As Jason says, "Sometimes when I wake up in the morning, Mr. McCracken is already there."
I bet he is. Watch the video and you'll know why, too.
Anytime Christopher Walken opens his mouth, it's comedy gold. And it's for this reason that I chose this clip from Balls of Fury.
It may only be 22 seconds long, but that's all he needs. I don't know if he goes out of his way to talk like this or if he just had a stroke or something, but I've been trying to master my Walken impression for years now.
"Okie-dokie artichokie." You couldn't hear me say that, but it was good.
Ask Adam Sandler fans what movie of his is their favorite, and they'll surely tell you Happy Gilmore. For me personally, it's Punch-Drunk Love, but this is a close second.

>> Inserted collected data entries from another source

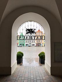 Das Rostocker Rathaus erzählt wie kaum ein anderes Gebäude von der jahrhundertealten Historie der Hansestadt. Die gotische Schaufassade mit ihrem rosafarbenen Anstrich sticht aus der Häuserreihe hervor, vor allem wenn es so richtig schön pladdert, wie es manch' ein Norddeutscher zu sagen pflegt. Wie gut also, dass es auch am Montag, am Tag der Eröffnung der VorBILDER, in Strömen regnet. Das zentral gelegene Rathaus ist derzeit Ausstellungsort von Schwarz-Weiß-Porträts von Angelika und Bernd Kohlmeier.
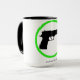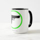 a caneca de café de 15 onças com o yes atira no sinal, o oposto de nenhumas armas assina. A imagem mostra um Beretta com um círculo verde.
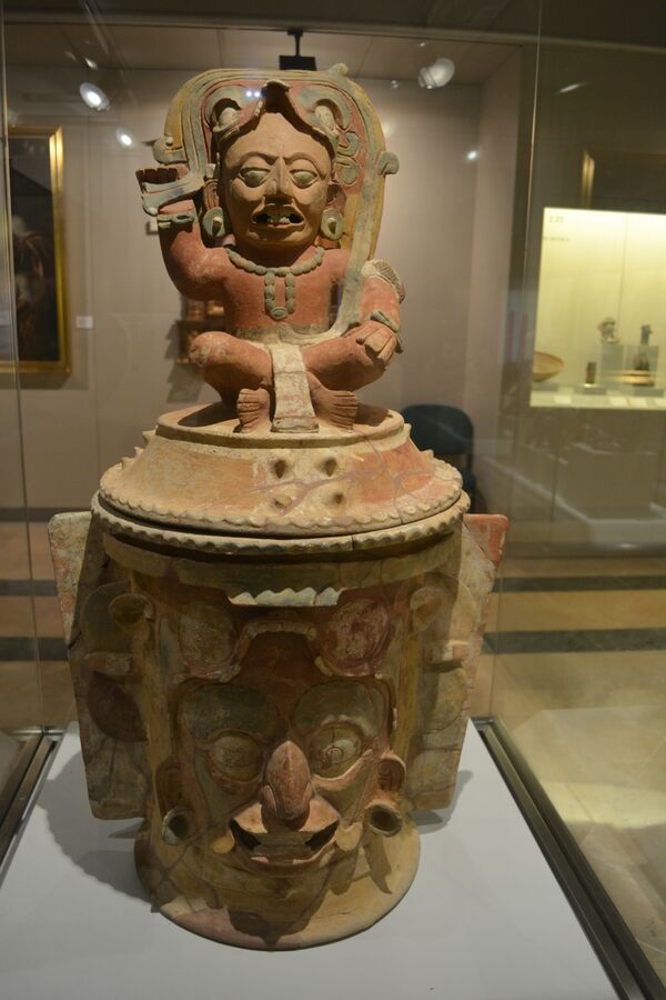 Божество солнца может изображаться в виде царя (ахау), восседающего на троне (как на знаменитой повествовательной «Вазе с кроликом» из Наранхо), или правителя, держащего в руках двуглавый «церемониальный жезл»[4].
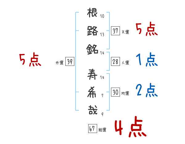 外運![]() | 根路銘寿希哉さんの外運は39画の5つ星!社交性に優れ人望が厚い。人の上に立ち成功する。 生活面を象徴する運勢です。外部から受ける影響力を表し、結婚運、家庭運や職場、環境への順応性を表します。 |
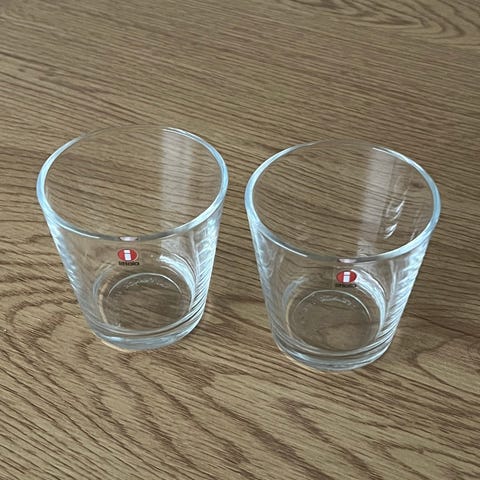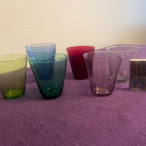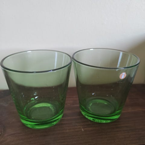 Kaksi kappaletta Iittala kartiolasi omenan vihreä. käyttämättömät. Kaksi lasia maksaa 12 €. Myynnissä kolme settiä. Samaa sävyä löytyy myös mariskooli ja tuikkuja.
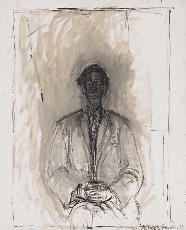 ジャコメティーは絵画も多く制作していますが、いずれの作品も激しく鋭利な筆触が鑑賞者の内面をえぐるような緊迫感を与えます。

The video is actually a compilation of funny scenes, but you really can't beat Happy putting his hockey skills to good use, knocking out the golfer who's laughing at his terrible putting.
Then there's the scene where he gets beat up by Bob Barker.
Golf is an incredibly difficult, technical game that require a lot of concentration, dedication and practice—and that's just if you want to play it well.
When I play golf, I do the Happy Gilmore—it's run and swing. When I actually try, I look like "Whitey" here. Getting into the right frame of mind might require you to look like a dumbass, and I'm not willing to make that sacrifice just yet.
If only I was as brave as Charles Barkley.
So check out this scene of "Whitey," as I'm sure all you golf players out there will surely be saying, "I know so many guys that do this." And hopefully you're not that guy yourself.
I'm typically not a fan of Will Ferrell. I just don't find him all that funny, unlike the show SportsNation, which thinks he's just the funniest person ever.
I don't get it. It seems like he's always playing the same character, just like Johnny Depp, but that's a conversation for another day.
I will say, though, this scene cracked me up.
Some of the best comedy comes from the joke being half true. Who among us can say that prayers this absurd don't occur in American households?
If God does indeed exist—let's not debate this, please—even he couldn't help but shake his head at the asking of him to use his "baby Jesus powers" to cure a smelly leg.
This scene is brilliant in its absurdity.